As many data sets that are encountered in practice are inherently high-dimensional, we aim to gain intuition about the geometry of high-dimensional spaces and distributions, and shed light on computational aspects of some of the covered methods.

Workshop Schedule

As a preparation for the workshop, we encourage you to complete the pre-work before the first session on Friday, March 19.

Thurdsday, March 18

  • 7:00 PM ET: (Optional) Office Hour: Feedback & help with pre-work

Friday, March 19

Session I

  • 2:00 PM - 3:00 PM ET: Framework of Statistical Learning, Feature Design, Regression in High Dimensions
  • 3:00 PM - 5:00 PM ET: Project work in small groups

Saturday, March 20

Morning Session (Session II)

  • 9:00 AM - 10:00 AM ET: Classification Problems, Natural Language Processing
  • 10:00 AM - 12:00 PM ET: Project work in small groups

Afternoon Session (Session III)

  • 2:00 PM - 3:00 PM ET: Principal Component Analysis, Clustering
  • 3:00 PM - 5:00 PM ET: Project work in small groups

Sunday, March 21

Session IV

  • 9:00 AM - 10:00 AM ET: Neural Networks and Deep Learning
  • 10:00 AM - 12:00 PM ET: Project work in small groups

All sessions will be held via Zoom.

Instructor: Christian Kümmerle (Johns Hopkins University)
Teaching Assistants: Daniel Fuentes-Keuthan, Patrick Martin

After-Workshop Office Hours

  • Sunday, March 28, 11 AM ET
  • Monday, April 5, 7 PM ET

Computational Tools

This workshop will use practice exercises that will make use of the Python language, which is widely used for data science and machine learning due its property as a general purpose programming language and its modularity, which has attracted the development of a variety of powerful libraries.

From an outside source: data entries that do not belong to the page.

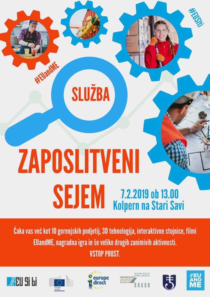 V četrtek, 7. februarja 2019, bo med 13.00 in 16.00 uro v Kolpernu na Jesenicah potekal tretji Zaposlitveni sejem. Letos v znamenju kampanje EU SI ti, s katero po slovenskih mestih predstavljamo številne prednosti Evropske unije in spodbujamo temeljno debato o EU – njenih vrednotah, solidarnosti, strpnosti ali aktualnih evropskih temah v regijah. Spodbujanje podjetništva, inovativnosti, zaposlitvene možnosti ter aktivacija mladih so področja, kjer je Evropska unija zelo dejavna, zato vas vabimo, da jih odkrijete.
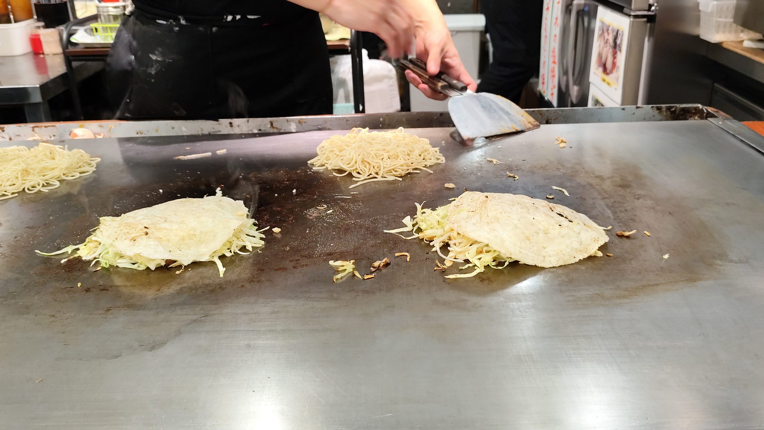 Abends haben wir ein letztes Mal Okonomiyaki gegessen, jedoch nicht in einem gewöhnlichen Restaurant! Hiroshima ist bekannt für seine Okonomiyaki und deshalb gibt es seit mehreren Jahrzehnten das „Okonomimura“. Dieses vierstöckige Haus (dessen Fassade an das Essen angepasst ist) beherbergt Dutzende Okonomiyaki-Stände. An jedem Stand sitzt man um die heiße Herdplatte herum und dahinter stehen die Köch:innen, die das Essen vor den Augen der Gäste zubereiten. Trotz der großen Auswahl haben wir erst im dritten Stockwerk einen passenden Stand gefunden, der auch eine vegetarische Variante angeboten hat. Das ist zwar nicht die traditionelle Machart, schmeckt aber trotzdem richtig gut! Ich werde dieses Essen wirklich vermissen…
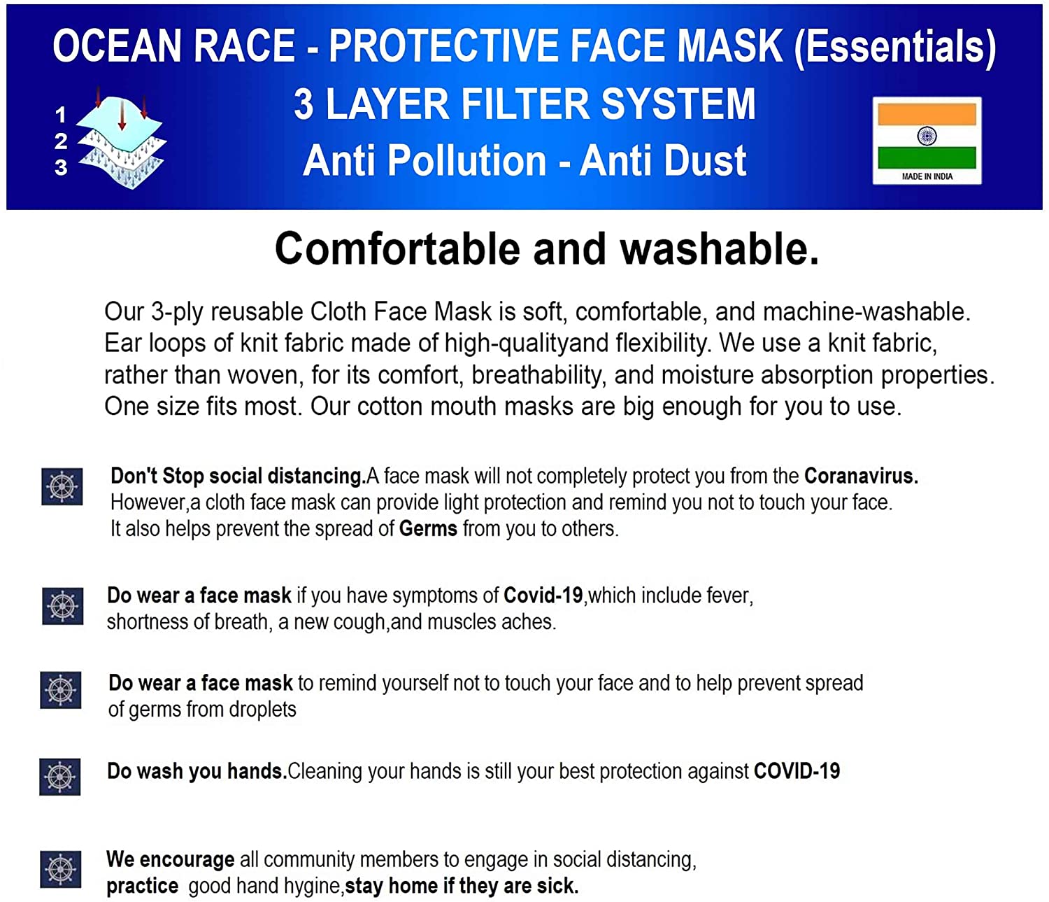 Comfortable and washable.-Our 3-ply reusable Cloth Face Mask is soft, comfortable, and machine-washable. Ear loops of knit fabric made of high-quality and flexibility. One size fits most. Our cotton mouth masks are big enough for you to use.

The most relevant libraries we will use are:

  • NumPy: Basic manipulation of vectors and matrices.
  • SciPy: Scientific computing, in particular useful for linear algebra, optimization, signal and image processing.
  • matplotlib: Visualization and plotting.
  • seaborn: Package for visaulization, more high-level than matplotlib.
  • scikit-learn: Implementations of a wide range of machine learning
  • keras: Interface to deep learning libraries.